# Butt and chickens this weekend



## NittanyDoug (May 30, 2006)

I have to do some prep this weekend for my son's upcoming 1st birthday party. I have a 15# butt to do. I'm thinking I'll have to cut it in two just to fit on my smoker. I've never done 2 at a time. Any suggestions? I'm also doing several chickens which should be a much simpler process. I've done both before but never together. I know the chickens will take much less time. 

So any suggestions? Not sure if spanky is still out there but I've followed his advice in the past to be good to me.


----------



## rkroberts (Jun 4, 2012)

Do the chickens beer can style with Sierra mist, instead of beer!!!


Sent from my iPhone using Ohub Campfire


----------



## NittanyDoug (May 30, 2006)

I'm going to do the chicken pulled style.


----------



## DEDGOOSE (Jan 19, 2007)

Is it a butt or a whole shoulder?
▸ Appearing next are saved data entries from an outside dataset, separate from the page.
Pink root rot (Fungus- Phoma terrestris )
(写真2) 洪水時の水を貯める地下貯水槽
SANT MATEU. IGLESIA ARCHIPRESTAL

That is huge.. I would cut it in 2 for sure unless you wanna go all day, plus you will have twice the bark, rub and smoke penetration. It will cut your cook time almost in half, just make sure there is some separation between the 2 in the cooker so that heat and smoke can go to work. I hate foiling BBQ of any variety, but if you run in a time crunch foil 160+ and it will help you blow through the stall.. When she hits 195 forget your thermometer reading and start probing for tenderness it should go in with absolutely no resistance, if there is a part that is still not tender give it more time, you will not dry it out. Most times for me it is around 200-203. Some butts are stubborn and can finish even as far as a little north of 205. 
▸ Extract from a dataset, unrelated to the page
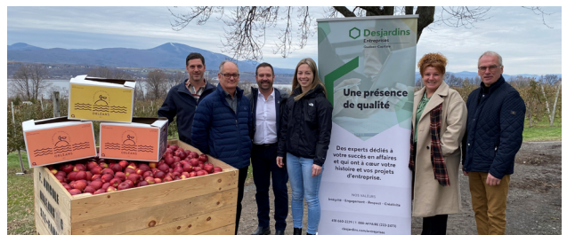
Les Vergers Turcotte ont obtenu une subvention du programme Fonds C en 2023 pour l'innovation de La Pomme d'Orléans.

Pour en savoir plus, visitez desjardins.com .
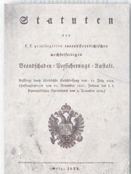
Статут 1829 року

GRAWE створювалася у 1828 році за «найвищим наказом» кайзера як «імператорсько-королівське привілейоване товариство... (Kaiserlich-königliche privilegierte innerösterreichische wechselseitige Brandschaden-Versicherungs-Anstalt für Steiermark, Kärnten und Krain), а сьогодні - це сучасний західноєвропейський незалежний концерн.

A butt will hold 3-4 hours double wrapped in foil in a cooler so you may have plenty a room as the butt is held you can do your chickens. Just budget plenty a time.. A good long rest is good for the butt. 
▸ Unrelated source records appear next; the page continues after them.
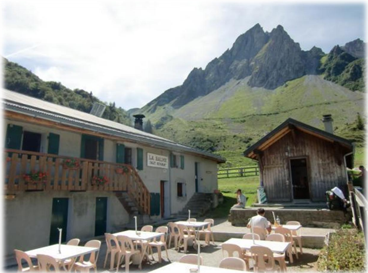
Aan Refuge de la Balme houden we een rustpauze en eten er een eiergerecht. Van op het grote terras heeft men het zicht op de omliggende grillige rotswanden.
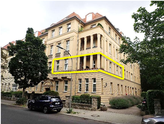
Gelbe Markierung: Lage Wohnung Nr. 7
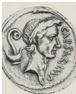
Römische Münze mit dem Bildnis Caesars

89 v. Chr. Verona wird römische Kolonie und erhält damit neue Rechte. 49 v. Chr. erlangen die Einwohner der Stadt das römische Bürgerrecht.
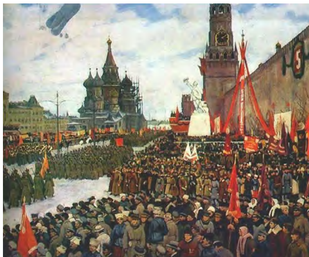
Рис. 11. К.Ф. Юон. «Парад Красной Армии». 1923 г., Х, м., 89,5 X 111,5 см. // Государственная Третьяковская галерея (Москва)

пятилетие великой победы. Строгие ряды марширующих солдат, блеск труб оркестра, алый цвет знамен и плакатов, пестрая праздничная толпа, любующаяся парадом войск, величественная красота архитектуры Кремля и храма Василия Блаженного – все это придает картине праздничный, приподнятый характер.
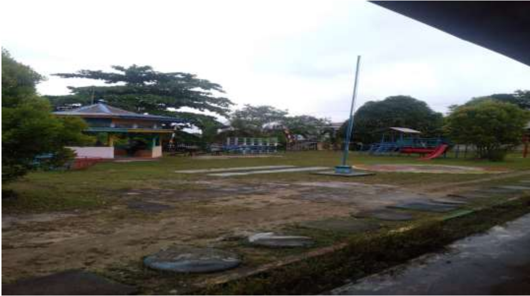
Dokumentasi halaman sekolah

I do not know what you are cooking on.. But I would crank it to 275-280 on the butt which will make the stall less noticeable with no difference in finished product. 

The chickens you can do at any temp 225-325 that you want too and poultry readily absorbs smoke flavor.. Chicken skin crisps at 312 but seeings you are pulling you are not concerned how your skin is.. If your chicken is all natural non enhanced you can brine in a simple brine of 1 cup Kosher to 1 Gallon water, maybe a little sugar, some garlic, cumin etc etc Whatever you deem fit. .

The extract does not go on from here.